» **EXERCISE GOAL**:
In the material below, find the span from the line with "Surrounding the center" to the line with "Цветовая палитра этой" and transcribe only those lines, exactly, ends included, without the pictures.

» **DATA FOR ANALYSIS**:
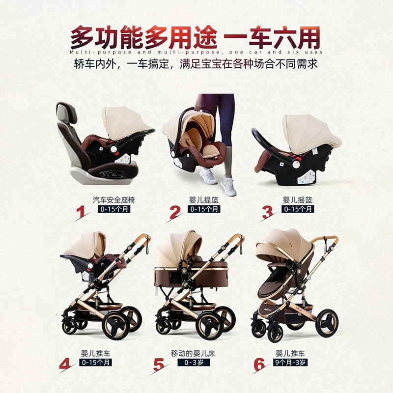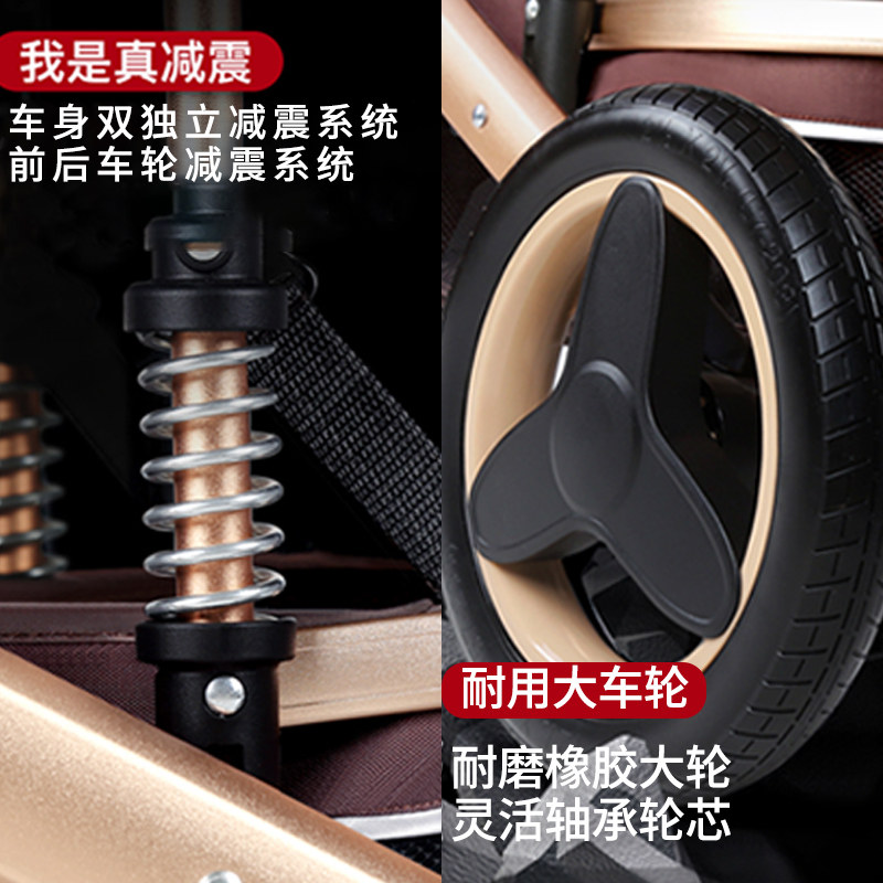 可折叠多功能可坐躺双向避震四合一婴儿推车
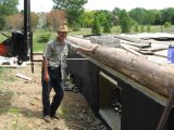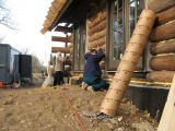 Chuck backfilling the foundation. The door frames to the deck are ready for logs to be built around them.
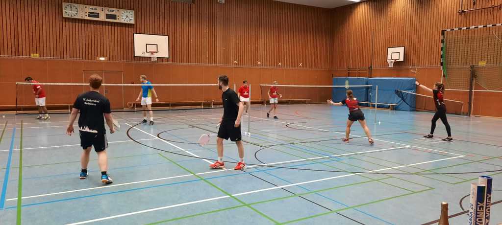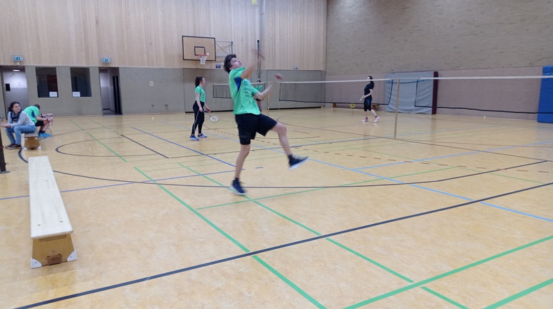 Spannend wurde es im 1. HE (Michael) und Mixed (Florian und Nadine). Beide Spiele gingen in den dritten Satz. Michael zeigte in seinem Einzel eine starke Leistung. Im ersten Satz verlor er zwar 17:21, drehte danach aber voll auf und gewann schließlich mit 21:12 und 21:16. Auch unser Mixed verlor den ersten Satz ziemlich deutlich mit 13:21, kämpften sich aber im zweiten Satz stark heran und gewannen mit 21:18. Leider ging ein spannender dritter Satz knapp mit 18:21 verloren.
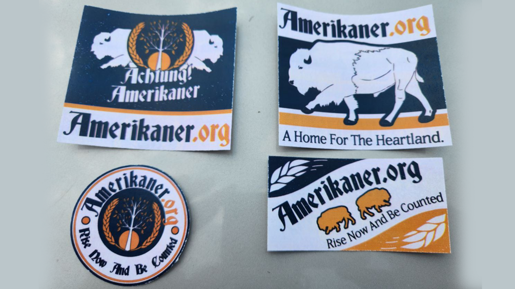 A pack of 10 amerikaner stickers - 7 rectangular, and 1 each round, Achtung! and Home for the Heartland.
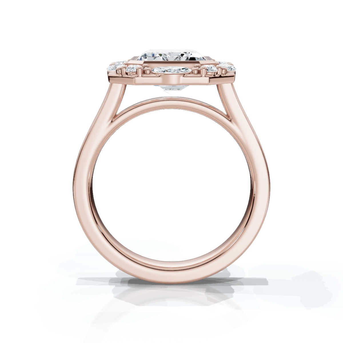 Surrounding the center stone is a dazzling halo of round and marquise-shaped lab-grown diamonds, totaling 0.9 carats. These side diamonds are carefully arranged to enhance the center stone, amplifying its shine and creating a mesmerizing effect. The 2.5mm-wide band, available in white, yellow, or rose gold, offers a sophisticated setting that beautifully complements the diamond’s brilliance. The 1.8mm height and comfort-fit design ensure the ring sits comfortably on the finger, making it ideal for daily wear.
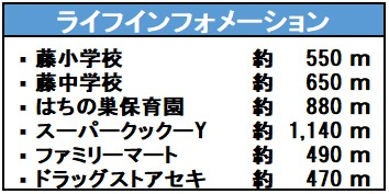 | 学区 | 小学校区:藤小学校 550m 中学校区:藤中学校 650m |
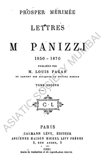 Lettres M. Panizzi, 1850-1870, Vol. II
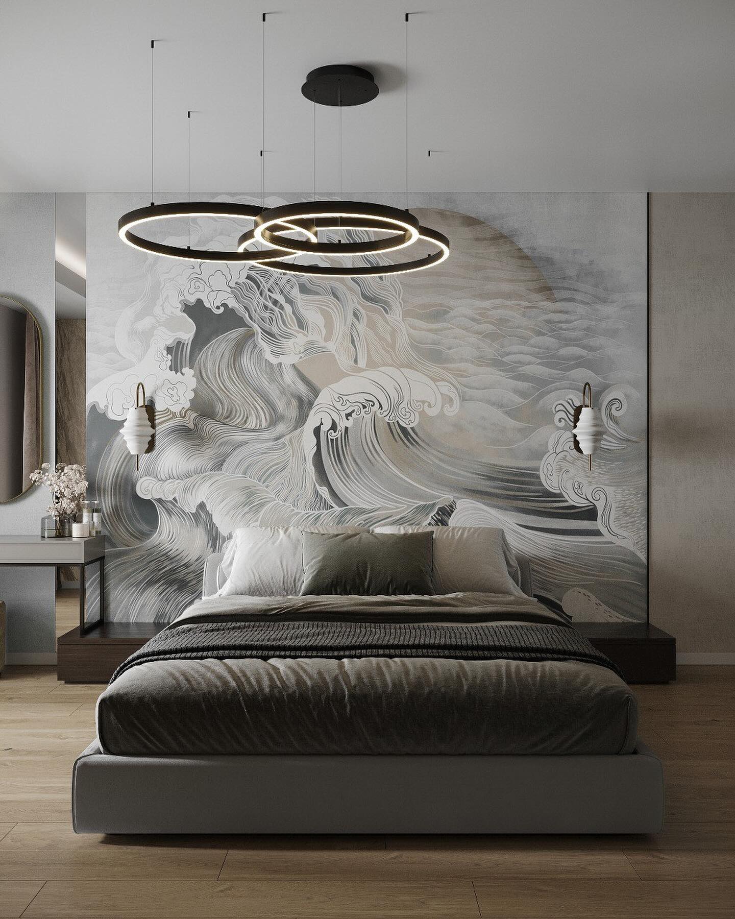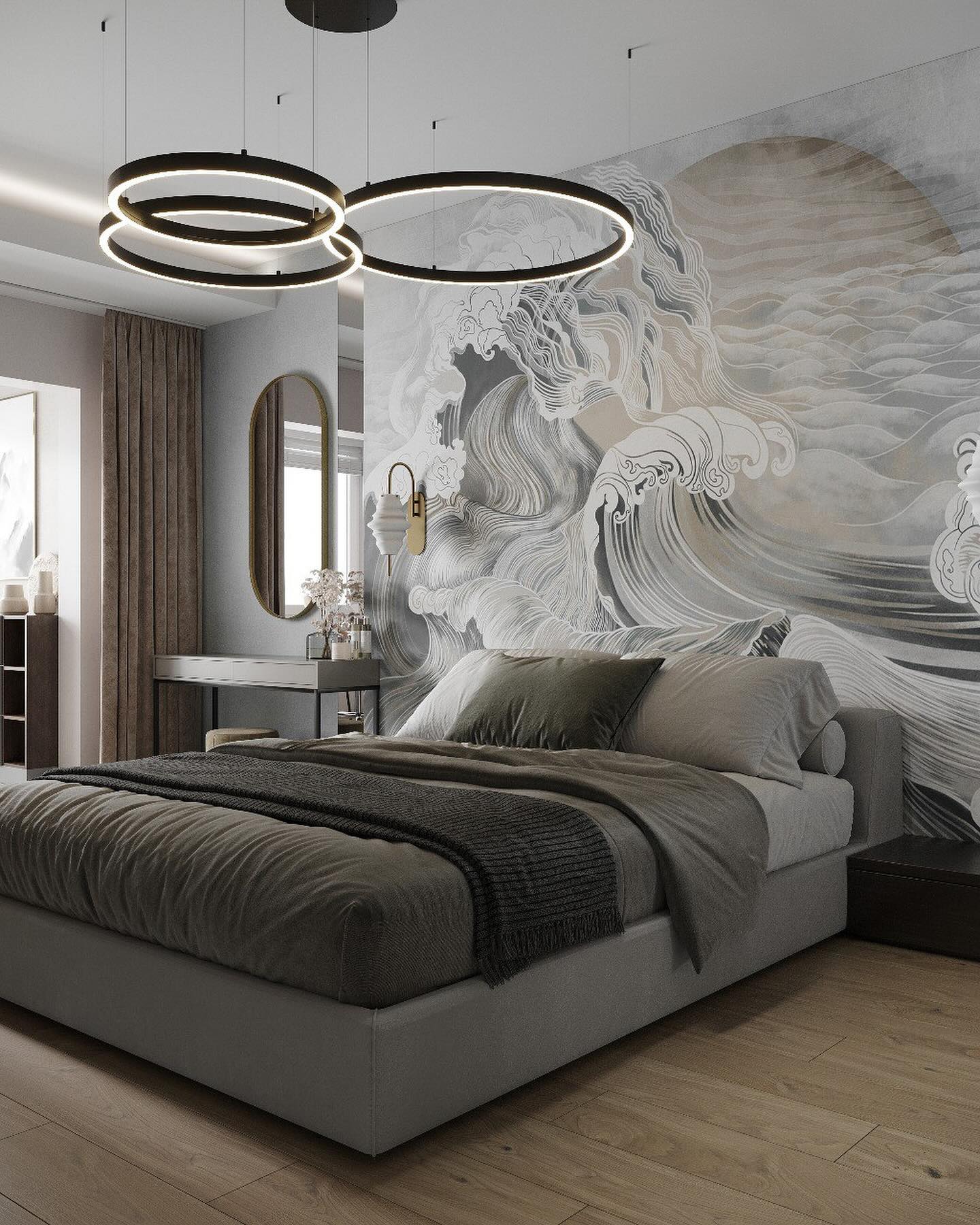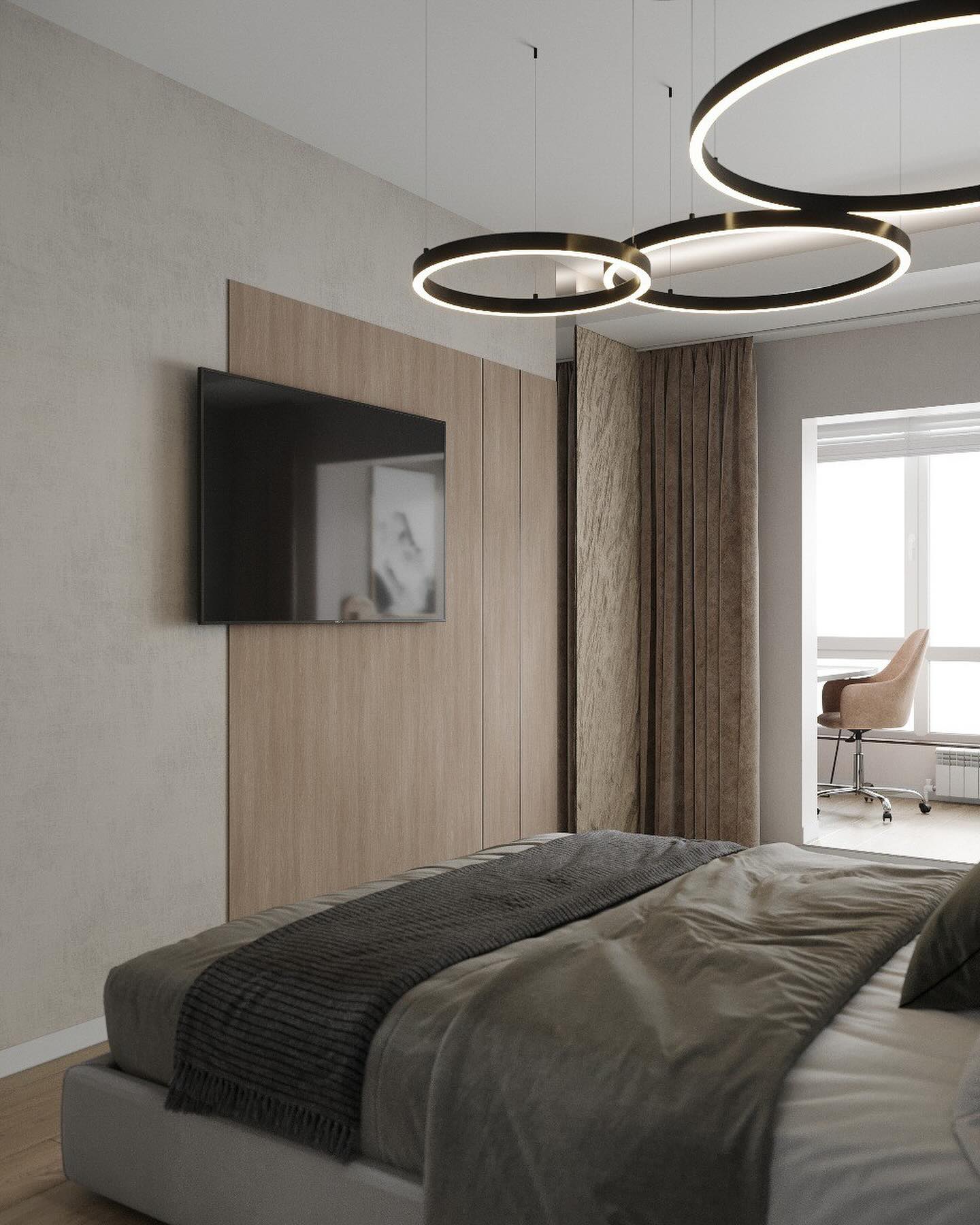 Цветовая палитра этой спальни подобрана с особым вниманием к деталям. Пастельные и нейтральные оттенки гармонично сочетаются, создавая приглушенный и спокойный фон.
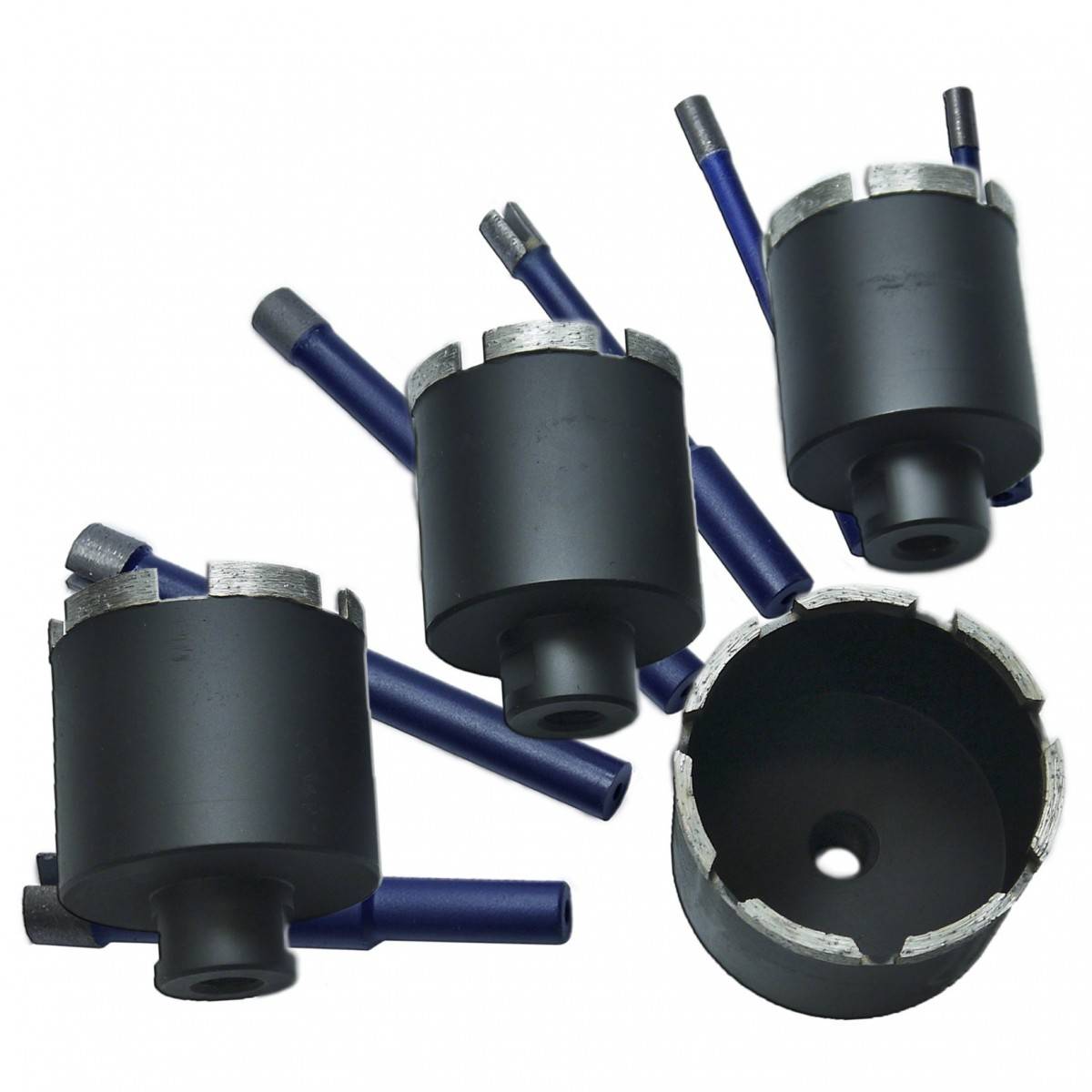 Корончатые инструменты имеют вид металлического стакана. На его торцевой рабочей части находятся режущие зубья, с помощью которых можно выполнять отверстия с большим диаметром. Такие зубья могут иметь алмазное напыление или же быть сделанными на основе твердых сплавов.
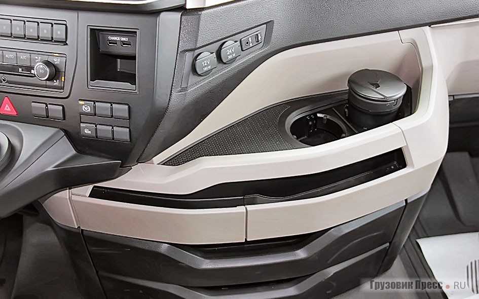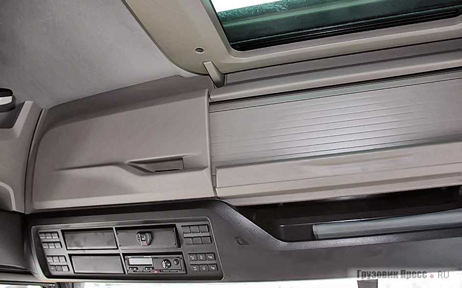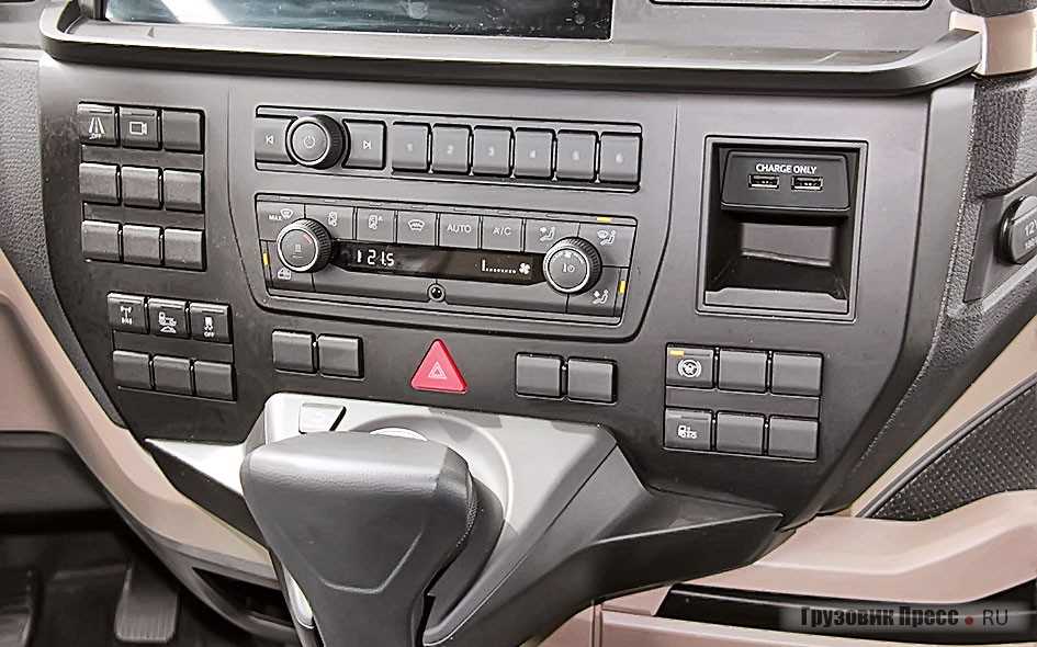 Передняя панель существенно изменилась в сравнении с предыдущим поколением машин TGA. Кармашков, ящиков и ниш для хранения вещей стало больше, над моторным тоннелем расположена широкая выдвижная полка для мелочей. Появился даже отдельный бокс для хранения солнцезащитных очков. Блок приборов тоже доработали. На экран жидкокристаллического дисплея выводится информация русифицированного бортового компьютера. Управление компьютером вынесено на рулевое колесо, но к навигации необходимо привыкнуть, так как водителю придется «общаться» с десятью (!!!) клавишами, что вначале несколько озадачивает. Показания других приборов читаются великолепно, шкалы подсвечены в любых режимах, даже при выключенном свете фар.
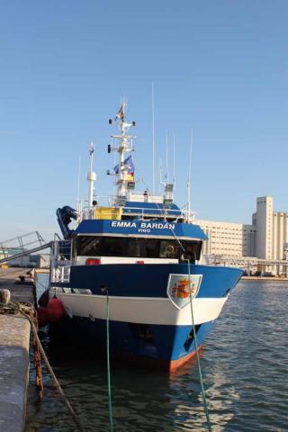 El B/O Emma Bardán atracado en el puerto de la Zona Franca, donde es prácticamente imposible que nos visite alguien más que las gaviotas ©IEO
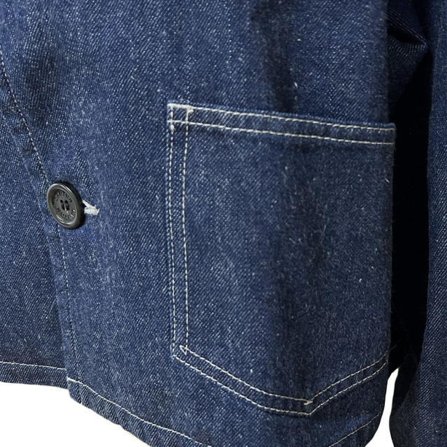ノーカラーのショート丈ジャケット。ワイドなシルエットですが、着丈を短くすることで、メリハリを出し、ボトムとバランスのとりやすいシルエットにしています。フロントには水牛ボタンを使用しており、カジュアルになりすぎないバランスに仕上げています。 スラブ糸を用いたヴィンテージ感のあるムラデニムです。 ゆるく織り上げる事でナチュラルな風合いに仕上げ、体に馴染みの良い柔らかさが特徴です。
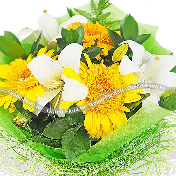 Прекрасная возможность преподнести ранним утром солнечный букет из гербер и благоухающих лилий. Сделайте день запоминающимся просто так - без повода! Или вручите букет в качестве извинения, который будет радовать получателя не меньше 7 дней*.
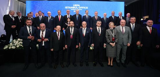 Cumhurbaşkanı Erdoğan’ın konuşmasının ardından tüm katılımcılar kurdelenin kesilmesi sonrasında hatıra fotoğrafı için sahneye çağrıldı.
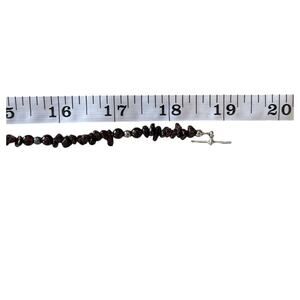 I believe these stone chips are garnet but this is unconfirmed. The translucence when light shines through the chips is beautiful with red and some purple hues visible.

» **TASK OUTPUT**:
 Surrounding the center stone is a dazzling halo of round and marquise-shaped lab-grown diamonds, totaling 0.9 carats. These side diamonds are carefully arranged to enhance the center stone, amplifying its shine and creating a mesmerizing effect. The 2.5mm-wide band, available in white, yellow, or rose gold, offers a sophisticated setting that beautifully complements the diamond’s brilliance. The 1.8mm height and comfort-fit design ensure the ring sits comfortably on the finger, making it ideal for daily wear.
 | 学区 | 小学校区:藤小学校 550m 中学校区:藤中学校 650m |
 Lettres M. Panizzi, 1850-1870, Vol. II
 Цветовая палитра этой спальни подобрана с особым вниманием к деталям. Пастельные и нейтральные оттенки гармонично сочетаются, создавая приглушенный и спокойный фон.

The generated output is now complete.